- Logo of the Specialist Cadet School

Location
- Pasir Laba Camp Singapore
- Coordinates: 1°20′3.86″N 103°40′17.40″E﻿ / ﻿1.3344056°N 103.6715000°E

Information
- Former name: School of Section Leaders (SSL); School of Infantry Section Leaders (SISL); SAF Infantry Non-Commissioned Officers' School (SAFINCOS); School of Infantry Specialists (SISPEC);
- Type: Military training centre
- Motto: "With Pride We Lead"
- Established: 1 October 1970; 55 years ago
- Authority: Singapore Armed Forces
- Website: official website

= Specialist Cadet School =

Military training centre for non-commissioned officers in Singapore

The Specialist Cadet School (SCS, 见习士官学府, Sekolah Kadet Pakar, நிபுைத்துவ பயிற்சி அதிகாரிப் பள்ளி) is the military training centre for the Singapore Armed Forces' specialists, the equivalent of non-commissioned officers (NCOs) in other countries' armed forces. Made up of twelve companies divided into three schools (SCS I, SCS II, and SCS III), it is located in Pasir Laba Camp in the Western Water Catchment.

The three schools, along with the SAFWOS Leadership School (SAFWOS) and Specialist and Warrant Officer Advanced School (SWAS), form the Specialist and Warrant Officer Institute (SWI).

==History==
The Specialist Cadet School has its origins in 1966 when NCOs in the Singapore Armed Forces were selected to serve as the first batch of instructors in the School of Section Leaders (SSL) of SAFTI Military Institute. As the Singapore Armed Forces expanded, the School of Infantry Section Leaders (SISL) was established on 1 October 1970 with a 21-week training course for NCOs. In 1979, after the military training system underwent a restructuring, high-performing SISL trainees were selected to undergo further training at the Officer Cadet School to become officers.

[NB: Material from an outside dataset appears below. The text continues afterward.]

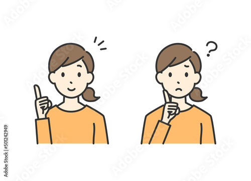 © hidamari, Naklejka premium 思いつく表情と考える表情の女性のイラスト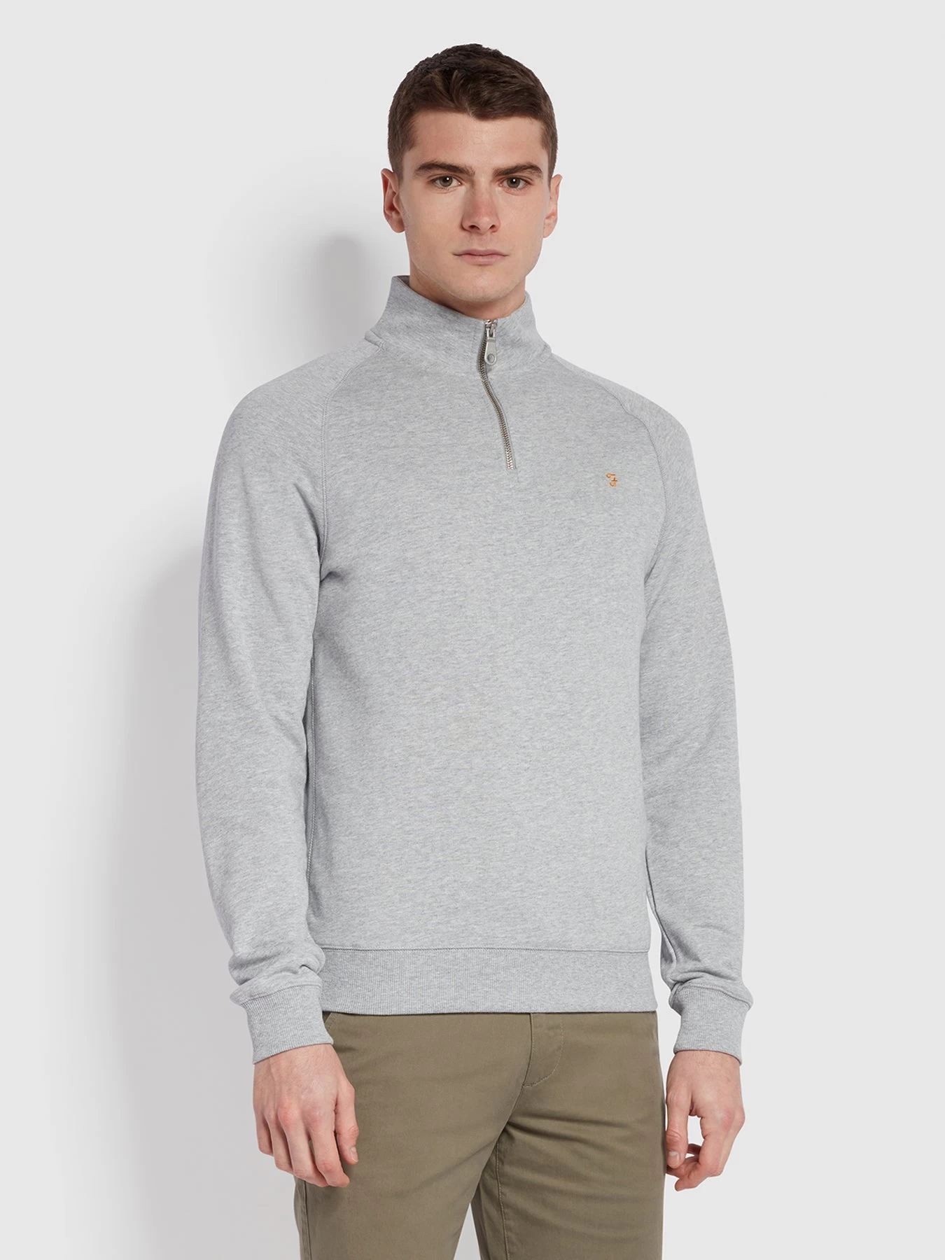 Made from 100% organic cotton, the Farah Jim sweatshirt features a quarter-zip set into a deep, ribbed-neck collar. With matching detailing on the hem and cuffs, the slim-fit sweatshirt is available in Black with our signature gold Farah logo at the left chest.

In 1980, HQ Infantry took control of SISL from SAFTI and shortened the training course from 21 weeks to 12 weeks. On 22 June 1981, SISL was restructured to have five companies (Alpha, Bravo, Charlie, Delta and Echo) and the Advanced Specialists Training Wing (ASTW). On 1 May 1982, SISL was renamed SAF Infantry Non-Commissioned Officers' School (SAFINCOS) and started conducting the Basic Infantry Section Leader Courses along with other advanced courses such as the Platoon Sergeant Course, Infantry Senior NCO Course, and the Reserve Infantry Senior NCO Course. In 1989, SAFINCOS took in its first batch of female trainees.

In 1992, SAFINCOS was renamed School of Infantry Specialists (SISPEC). It relocated from Pasir Laba Camp to Pulau Tekong in 1999, and the SISPEC compound at Rocky Hill Camp on Pulau Tekong was officially opened on 17 August 2000 by Major-General Ng Yat Chung, the Chief of Army. In 2003, SISPEC achieved ISO 9002 for the management of its Advanced and Basic Section Leader Courses. In 2006, SISPEC moved back to its new compound in Pasir Laba Camp. On 22 December 2008, the Singapore Armed Forces introduced a new rank, Specialist Cadet (SCT), specifically for specialist trainees at SISPEC.

In 2010, SISPEC was renamed Specialist Cadet School (SCS) and divided into three schools – SCS I, SCS II and SCS III – under the Specialist and Warrant Officer Institute (SWI), which also manages the SAFWOS Leadership School (SAFWOS) and Specialist and Warrant Officer Advanced School (SWAS).

==Training==
SCS trainees start their training with a Foundation Term, during which they acquire infantry skills and knowledge to lead an infantry section. They complete a 12 km route march while completing challenges related to the skills they learnt in the past 8 weeks in Full Battle Order at the end of the Foundation Term.

After completing the Foundation Term, trainees who are selected to serve in the Infantry and Guards formations remain in SCS to continue with the Infantry/Guards Professional Term, while those selected to serve in other formations (e.g. Armour, Artillery, Combat Engineers, Medical Corps, Signals) are posted to their respective formations to continue their Professional Terms there.

Upon completion of the Professional Term, all the trainees undergo an eight-day Combined Arms Term in SCS and mark the end of their training with a graduation parade, during which they receive the rank of Third Sergeant. They are then posted to their respective units.